The UK hospitality industry is facing pressure from all sides, what with increases in business rates, rents, price inflation on produce and increases in labour costs. So, how as an industry do we decrease the biggest cost of all – labour, without cutting back on customer service?
Here Matthew Khoury, CEO of LOKE, the tailor-made loyalty, ordering and payment app for the hospitality industry, comments on how operators can reduce labour costs through the implementation of technology, which not only saves time and money for a hospitality operator but also enhances the overall customer experience.
Do we need to be returning to an era of self-service?
The first ‘self-service’ restaurant of real scale was Portuguese inspired restaurant, Nando’s. Customers ordered at the till with their table number and then helped themselves to cutlery and bottomless drinks at a separate counter. At the time, this style of quick-service in a casual dining setting was considered both innovative and indeed unique. Fast forward to 2018, and this has now become the norm.
Today, we live in a world where consumers need everything instantly and with no hassle. Because of this, what we’re seeing is a steady increase in the use of mobile payments apps which allow customers to control their orders and payments from start to finish.
It is no secret that labour costs are the most expensive component of the hospitality industry. In order to reduce these costs, operators are having to turn to technology – whether in the extreme form of chefs becoming robots, or by removing team members from the bar or table service, replacing them instead with kiosk screens, or putting the power of payments directly into the hands of customers through their phones.
Operators need to look at what technology they can implement to help deliver service, ordering and payments more efficiently, whilst reducing labour costs. An obvious step is through customer mobile transactions. To give you an example, JD Wetherspoon and Wagamama both have apps that allow their customers to order and pay at table, which streamlines the process, ensuring it is quicker for staff and easier for customers. Ideally an operator would be on key aggregator apps such as UberEats and Deliveroo that can drive revenue for home delivery but also have own branded solutions to personalise the customer experience, which will drive in store transactions, higher average spends and optimise labour efficiency.
Keep it quick, keep it simple
The two most important functions of the payment or ordering process is that it is fast and simple. Let the customer pay easily and be rewarded for the continual investment to your brand. The beauty for operators is that all important turn of tables to drive revenue. Implementing alternative payment methods such as mobile payments or order at table can improve operational efficiencies and the overall customer experience. It was reported that a pub in Manchester saved over 40 hours of management time a week, purely by enabling contactless and ditching cash in their pub – a win, win, situation for this operator.
Keeping customers happy with less staff?
Put simply, operators need to be managing their resources wisely. The absolute focus for front-of-house teams should be all about delivering a sublime customer experience. Operators shouldn’t be implementing any cost saving strategies at the expense of the customer and technology shouldn’t come into play unless it enhances the overall customer experience. Mobile payments not only encourage customers to spend more but also plays a huge role in reducing labour costs, whilst improving efficiencies and speed of service.

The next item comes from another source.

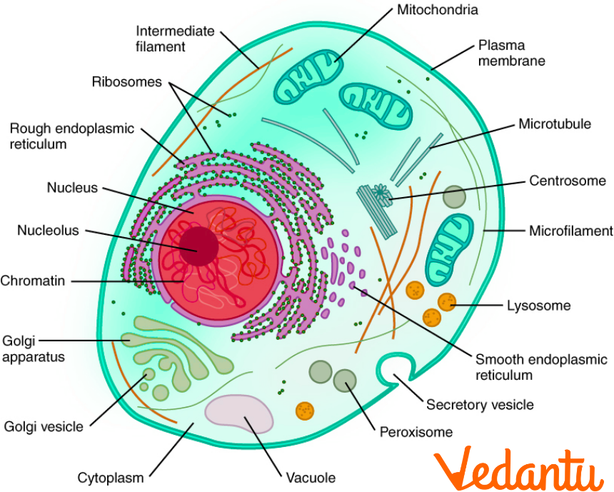 A well-labelled diagram of an animal cell visually represents all key cell organelles, each clearly marked with labels. It typically shows the nucleus, mitochondria, endoplasmic reticulum, Golgi apparatus, lysosomes, centrioles, ribosomes, vacuoles, cytoplasm, and plasma membrane. Understanding such diagrams is essential for visualising the structure and spatial arrangement of cell organelles in biology studies.
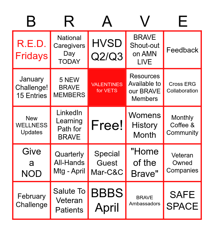 This bingo card has a free space and 24 words: Quarterly All-Hands Mtg - April, Salute To Veteran Patients, VALENTINES for VETS, February Challenge, Feedback, R.E.D. Fridays, January Challenge! 15 Entries, National Caregivers Day TODAY, Womens History Month, Special Guest Mar-C&C, Resources Available to our BRAVE Members, New WELLNESS Updates, "Home of the Brave", Veteran Owned Companies, 5 NEW BRAVE MEMBERS, BRAVE Ambassadors, Monthly Coffee & Community, HVSD Q2/Q3, Cross ERG Collaboration, LinkedIn Learning Path for BRAVE, SAFE SPACE, Give a NOD, BRAVE Shout-out on AMN LIVE and BBBS April.

Implementing order at table via the customers mobile can automate the work of team members, freeing up front-of-house teams to focus on customer satisfaction, rather than just taking orders and delivering refills. They key reasons operators implement this solution is to remove the need for a staff member to take the order, reducing labour costs and to remove lost revenue opportunities whereby the customer is deterred from ordering because the staff member/s are too busy or not to be seen.
This allows restaurant operators to bring in significantly more revenue, with features programmed to generate increased sales, whilst keeping labour costs down. It also makes it easier for operators to promote new dishes and higher value dishes – so yet again, another win, win for the operator.
No operator wants to remove customer and staff interaction, and most pride themselves on the quality of service they provide. But what I believe operators fail to miss is that customers get most frustrated when the team member is too busy to give the attention they would like, when they simply want another round of beers or the bill. So instead of providing tools to improve customer satisfaction and prevent missed revenue opportunities they live on an old notion that their staff will do it better. Meanwhile the innovators and adopters of the industry thrive using technology that squeezes every % of profit whilst further deepening the customer relationship and experience.
Is it time for robot chefs?
Minimum wage increases is the main reason operators are looking to technology to reduce costs. Automation and robotics have been present in restaurants for some time now – automating everything from orders and delivery to cooking, rota scheduling and drone deliveries – we’ve seen it all.
Whilst robot chefs do already exist and would appear to be the perfect fit particularly in a QSR environment, they won’t work across every style of service. Some customers want an ‘in and out’ style experience such as Nando’s, whilst others are looking for attentive customer service, such as fine dining restaurants or premium casual dining. The trick when it comes to technology, is knowing the balance of what customers want – ultimately, operators need to be looking at what saves them time and money, and implementing pay-at-table mobile payment or ordering apps is a fantastic way to strike this balance.